A visually arresting tale of mystery and obsession set in the neon lit nightclubs and grimy industrial wastelands of Shanghai. The story is told by and shot directly from the point of view of the unseen narrator. He guides us through the streets, along the banks of the heavily polluted and industrialised Suzhou river, and we watch his girlfriend MeiMei, whom he is obsessively filming, as she dresses and prepares to leave her riverside home. He tells us that MeiMei has unexpected periods of sadness and silence, often disappearing for days at a time without explanation. His own moments of sadness then turn to joy when he sees her return, walking over the bridge with her arms folded across her chest. He then begins to recount the story of Moudan and Mardar.

Mardar is a motorcycle courier working in the city. One of his clients, a shady businessman, regularly hires Mardar to drive his sixteen-year-old daughter, Moudan, to her aunt's house while he entertains his latest girlfriend at home. Moudan and Mardar grow fond of each other and a relationship develops. He gives her a mermaid doll as a birthday present. But then Mardar becomes entangled with a crime gang who force him to kidnap Moudan and demand ransom money from her rich father. She escapes from him outside the empty warehouse where she has been held, disappointed at his betrayal of her love and enraged by the small amount of ransom money he is due to receive in return. Moudan runs from him, and clutching the mermaid doll, throws herself off a bridge into the poisonous river, promising that one day she'll return as a mermaid.

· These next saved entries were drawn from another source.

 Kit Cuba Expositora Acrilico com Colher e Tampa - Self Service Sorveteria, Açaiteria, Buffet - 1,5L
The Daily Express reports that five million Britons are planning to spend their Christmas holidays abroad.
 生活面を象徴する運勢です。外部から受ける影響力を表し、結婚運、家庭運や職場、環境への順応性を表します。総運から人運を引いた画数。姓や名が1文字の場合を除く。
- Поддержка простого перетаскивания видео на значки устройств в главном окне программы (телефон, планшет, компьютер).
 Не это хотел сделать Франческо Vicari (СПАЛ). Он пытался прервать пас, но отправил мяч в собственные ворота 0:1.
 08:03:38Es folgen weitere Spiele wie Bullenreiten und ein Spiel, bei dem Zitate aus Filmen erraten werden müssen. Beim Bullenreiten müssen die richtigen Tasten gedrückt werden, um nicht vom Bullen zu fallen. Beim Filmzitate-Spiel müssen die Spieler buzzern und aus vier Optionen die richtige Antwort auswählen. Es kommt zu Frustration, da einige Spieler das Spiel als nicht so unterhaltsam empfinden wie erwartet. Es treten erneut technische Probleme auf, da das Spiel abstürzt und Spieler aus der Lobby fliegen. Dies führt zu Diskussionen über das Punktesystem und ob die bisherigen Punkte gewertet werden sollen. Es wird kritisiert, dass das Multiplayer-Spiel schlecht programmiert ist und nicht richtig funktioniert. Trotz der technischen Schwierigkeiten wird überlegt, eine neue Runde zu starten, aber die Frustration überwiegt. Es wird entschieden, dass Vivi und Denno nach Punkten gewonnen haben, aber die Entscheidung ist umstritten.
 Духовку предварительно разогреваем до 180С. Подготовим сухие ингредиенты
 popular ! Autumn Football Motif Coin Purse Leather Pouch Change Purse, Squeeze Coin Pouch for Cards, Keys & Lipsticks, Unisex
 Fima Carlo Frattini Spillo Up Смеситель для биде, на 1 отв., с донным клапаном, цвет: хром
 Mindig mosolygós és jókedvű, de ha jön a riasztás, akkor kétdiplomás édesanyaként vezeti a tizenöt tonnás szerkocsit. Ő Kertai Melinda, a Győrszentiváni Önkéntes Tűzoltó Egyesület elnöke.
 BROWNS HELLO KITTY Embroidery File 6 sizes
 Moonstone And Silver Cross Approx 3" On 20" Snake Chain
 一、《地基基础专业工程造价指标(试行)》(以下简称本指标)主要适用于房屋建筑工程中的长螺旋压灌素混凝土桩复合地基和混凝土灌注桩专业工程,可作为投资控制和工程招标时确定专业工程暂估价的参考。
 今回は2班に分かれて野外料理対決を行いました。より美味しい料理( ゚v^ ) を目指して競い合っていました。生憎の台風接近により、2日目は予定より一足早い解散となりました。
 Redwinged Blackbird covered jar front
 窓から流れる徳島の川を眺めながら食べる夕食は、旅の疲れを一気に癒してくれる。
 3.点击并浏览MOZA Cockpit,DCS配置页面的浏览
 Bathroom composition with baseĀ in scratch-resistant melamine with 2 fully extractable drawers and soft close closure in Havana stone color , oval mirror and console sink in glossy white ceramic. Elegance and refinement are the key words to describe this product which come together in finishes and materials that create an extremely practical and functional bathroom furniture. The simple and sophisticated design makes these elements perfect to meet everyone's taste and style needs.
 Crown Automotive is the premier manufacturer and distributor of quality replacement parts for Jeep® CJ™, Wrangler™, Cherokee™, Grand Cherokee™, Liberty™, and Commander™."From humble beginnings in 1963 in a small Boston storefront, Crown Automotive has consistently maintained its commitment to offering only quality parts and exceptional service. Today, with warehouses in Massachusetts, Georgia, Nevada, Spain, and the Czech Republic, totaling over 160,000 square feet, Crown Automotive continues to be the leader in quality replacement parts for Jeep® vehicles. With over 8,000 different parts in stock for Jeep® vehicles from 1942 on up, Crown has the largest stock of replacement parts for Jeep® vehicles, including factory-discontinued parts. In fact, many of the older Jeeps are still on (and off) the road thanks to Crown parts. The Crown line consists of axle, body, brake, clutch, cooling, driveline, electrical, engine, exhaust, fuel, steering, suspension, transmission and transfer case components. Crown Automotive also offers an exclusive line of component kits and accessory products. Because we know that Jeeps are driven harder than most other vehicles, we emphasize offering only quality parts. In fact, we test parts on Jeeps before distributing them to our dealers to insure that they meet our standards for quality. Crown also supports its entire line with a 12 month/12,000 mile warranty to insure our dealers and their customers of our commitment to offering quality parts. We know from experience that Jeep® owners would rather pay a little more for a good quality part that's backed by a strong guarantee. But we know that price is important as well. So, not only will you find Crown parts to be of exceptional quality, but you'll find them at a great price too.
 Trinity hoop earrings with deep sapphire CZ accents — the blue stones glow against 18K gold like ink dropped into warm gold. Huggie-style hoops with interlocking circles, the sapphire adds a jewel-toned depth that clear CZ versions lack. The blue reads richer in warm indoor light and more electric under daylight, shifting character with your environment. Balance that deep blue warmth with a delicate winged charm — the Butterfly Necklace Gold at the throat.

Mardar serves a three-year jail sentence for his part in the crime, and still wracked with grief over Moudan's supposed death, eventually returns to Shanghai and to his work as a courier, whilst endlessly searching all over the city for Moudan. But no one has seen her or knows what happened to her because a body was never recovered. One night as he walks into a bar, Mardar encounters a girl who bears a striking resemblance to Moudan. He follows her to the nightclub where she works, performing an underwater mermaid act in a tank, and Mardar is convinced that the girl, MeiMei, is his lost love.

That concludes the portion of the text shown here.